When had a goat with a mild case we used today for 3 treatments and LA200 for three treatments. Keep the udder clean. Milk out often and massage allot. Warm compresses and some use vix.


----------



## Misty (May 29, 2005)

do NOT put iodine into the udder. You can infuse with a cephalexin drug. Give Nuflor 6cc/100# on day one, and 3cc/100# for 3 more days. Also give penicillin 10cc sub q for 4 days. I also give polyserum 10cc sub q on the first day. You can take an old sock and fill it with whole corn. Heat in the microwave for a few and lay it on her udder. Massage and milk as you go.


----------



## moonspinner (Jul 2, 2002)

The sock thing works great with rice too.


----------



## marytx (Dec 4, 2002)

Is this a dairy goat? Cause I'd be afraid to EVER use the milk again after putting iodine in. yuck. I've never heard of that. "Tomorrow" is only used for dry does. If she is currently milking, you would use "Today". I believe it's a three day course, but the instructions are on the box. Of course, be sure to use the alcohol wipes and do it very clean.
mary


----------



## Caprice Acres (Mar 6, 2005)

She is a dry pygmy. I noticed it last week, and vet said 5cc pennecillin daily and call her in a week. first time i noticed it it was clear with white chunks, then I gave the pennecillin for I think 2 days, and it turned into a lump, not liquid, and hard. then ppl on this forum said to massage and since I started doing that the liquid has turned clear orange red, like there was blood in it so I don't think Ill massage anymore. the corn in a sock doesn't stay on, her udder is too small. There is very little liquid in the lump, i think the area is just swollen. I think it is clearing up, the lump is going away daily, and barely any liquid. I think when I was massaging it it caused the blood vesscles to bleed in there, the inside was already damaged. The vet's wife is actually the one that said Iodine in there, and I am NOT going to do that. I would like to milk her eventually, and I think the pain from getting iodine in there would be SOOO painful, and ruin her from milking. and everytime she moved it would move around in her udder and keep being painful. Is Tomorrow painful? I can understand a little pain, but to much is not accepable. What are the other ways to treat? The vet said she may not produce milk in that side again..... 



> do NOT put iodine into the udder. You can infuse with a cephalexin drug. Give Nuflor 6cc/100# on day one, and 3cc/100# for 3 more days. Also give penicillin 10cc sub q for 4 days. I also give polyserum 10cc sub q on the first day. You can take an old sock and fill it with whole corn. Heat in the microwave for a few and lay it on her udder. Massage and milk as you go.


Well i don't know how to do a sub q shot on a goat, the bottle of pennecillin says IM anyways, and she has ben on it for a week now. Tried subq once, did it exactly like I gave my cat his vaccines : tented over the shoulder and injected. Obviously I screwed it up, because both goats i gave the shot to had a lump for months, you can feel it still on both even though it is tiny now, and one lost the hair over the lump.

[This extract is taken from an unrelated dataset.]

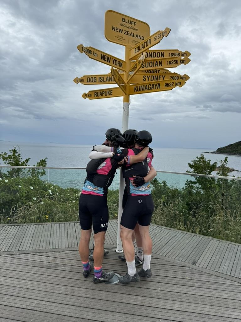Team celebrating expedition end at the southern tip of New Zealand. (David Young)

The goat's back legs are totally sore from daily IM shots. 
I hate it when goats get sick! Polyserum? What? I have never had this problem, I need step by step info! Will a cannula fit into the teat of a pygmy? they are teeny openings, and I don't really want to take her to the vet, because then they would want to put the iodine in and I don't want them to do that, exc.


----------



## arm (Nov 18, 2005)

I was on this site looking for meat rabbit info and I ran into this thread. I'm a large animal vet (23+ years) with quite a bit of dairy experience so I thought I'd chime in. I'm in a hurry--I've got to drive a kid to a party, so I'll throw out some info haphazzard.

The only reason to use 7% iodine (tincure I assume) would be to chemically destroy the "quarter" after determining that the mastitis has rendered the gland non-functional. I've had better luck with copper sulphate and silver nitrate for this purpose, but they are all pretty irratating. Besisdes, iodine kills bacteria by denaturing proteins so it is inneffective in a high protein environment (ie the mammary gland) as it is rapidly inactivated.

Your description of the udder (hard lump) sounds like there is probably significant damage to the gland. I would not be surprised if you have very diminished producion form this "quarter" in subsequent lactations.

Today/Cephalac is a good tube, in fact nearly all common mastitis isolates are sensitive to the active ingredient (cephapirin). That means the drug readily kills the bacteria in the laboratory. In the udder things are more complicated. Achieving and maintaining effective concentrations of drug at the site of infection can be very difficult in the face of inflamation, white blood cells, caesin clots, etc. The skinny: just 'cause it works in the lab doesn't mean it will work in the goat!

Nuflor is a good suggestion for mastitis. It gets pretty good levels in the milk after systemic dosing. Penicillin only gets ~10% the level in the milk as in the serum so is not so good for mastitis. It can be infused didrectly into the udder however with good results on penicillin sensitive organisms.

Doses on the antibiotic bottle usually relate to milk/slaughter withdrawl times and not to safety. The suggestion to use 10cc penicillin subq. per 100 pounds body weight is excellent and will yeild high blood levels for 24 hrs.(IM requires 2x/day dosing due to more rapid absorbtion). This is ten times the bottle dose of penicillin but is still very safe, only the milk is no longer residue free at 48 hours.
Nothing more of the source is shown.